21-04-2010, 11:47 PM
A sitemap is a list of pages of a web site accessible to crawlers or users. Site maps can improve search engine optimization of a site by making sure that all the pages can be found. This is especially important if a site uses a dynamic access to content such as Adobe Flash or JavaScript menus that do not include HTML links. They also act as a navigation aid by providing an overview of a site's content at a single glance.
Most search engines will only follow a finite number of links from a page, so if the number of links is very large, the site map may be required so that search engines and visitors can access all content on the site.
Google introduced Google Sitemaps so web developers can publish lists of links from across their sites. The basic premise is that some sites have a large number of dynamic pages that are only available through the use of forms and user entries. The sitemap files can then be used to indicate to a web crawler how such pages can be found. Google, MSN, Yahoo and Ask now jointly support the Sitemaps protocol.XML sitemaps have replaced the older method of "submitting to search engines" by filling out a form on the search engine's submission page. Now web developers submit a sitemap directly, or wait for search engines to find it.
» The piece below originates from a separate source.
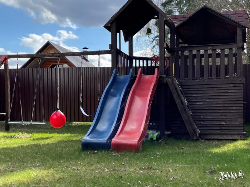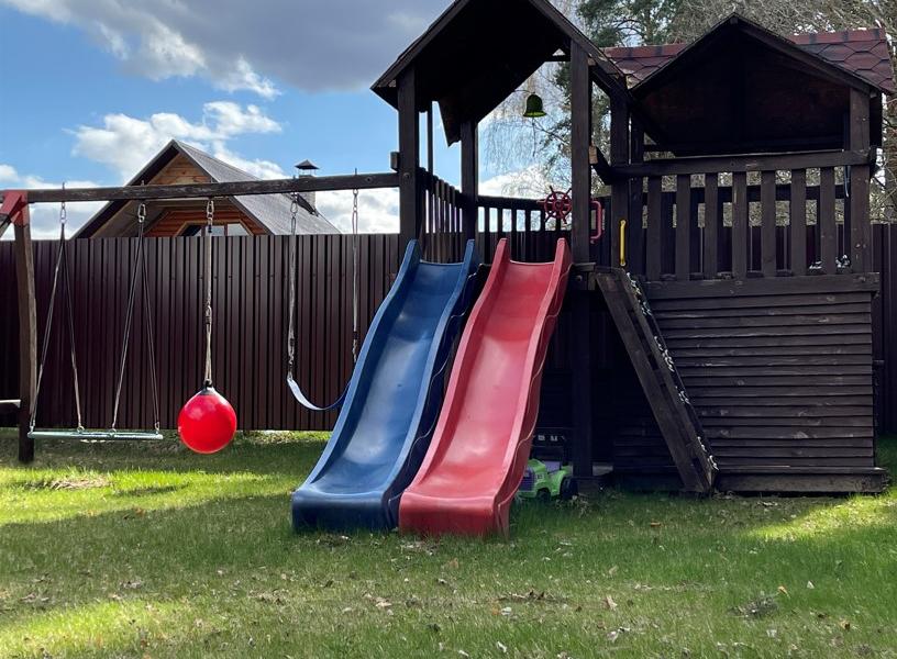 Дом для отдыха расположен на берегу оз. Войсо в д. Муражи Браславского района. Гостей приятно удивят отличный подъезд, близость живописного водоема, лесного массива. К услугам путников комфортабельный двухэтажный жилой дом, рассчитанный на восемь спальных мест с возможностью подселения на дополнительные кровати. На первом этаже можно расслабиться на огромном диване у ЖК телевизора с диагональю 60 дюймов, доступен высокоскоростной оптиковолоконный Интернет с бесплатным WiFi. Зона отдыха граничит с кухней, оборудованной индукционной электроплитой, посудомоечной машиной, микроволновкой, холодильником, электрочайником, вытяжкой, набором посуды. Ванная комната также расположена на первом этаже. Здесь гости могут освежиться в душе, воспользоваться стационарным феном, постирать вещи в стиральной машине. На второй этаж веден плавная лестница с промежуточными двумя площадками, выходящая в верхний холл, огражденный в целях безопасности кованкой. К услугам гостей три уютные спальни с набором мебели для размещения вещей. Имеющиеся кровати: 160*200 см, 180*200 см, 2 кровати 90*200 см и одна двуярусная кровать со спальными местами 90*200 см. Дом оборудован вторым выходом на террасу. На территории расположена баня с необходимым набором банных принадлежностей, а также огражденный пруд.

Since new pages are created frequently, sitemaps of dynamic websites such as news portal, community networks etc need to be updated by including the newly created urls.
The proposed project is a webapplication that can be hosted in a separate folder along with the website that reqires daily updation of sitemap. The applications will crawl every pages in a given time interval and the generated sitemap will be saved in a given location. So without the user intervention the site map will be created and saved in the location that submitted to the search engines. PHP, J2EE, ASP.NET versions of this website need to hosted in diffrent servers.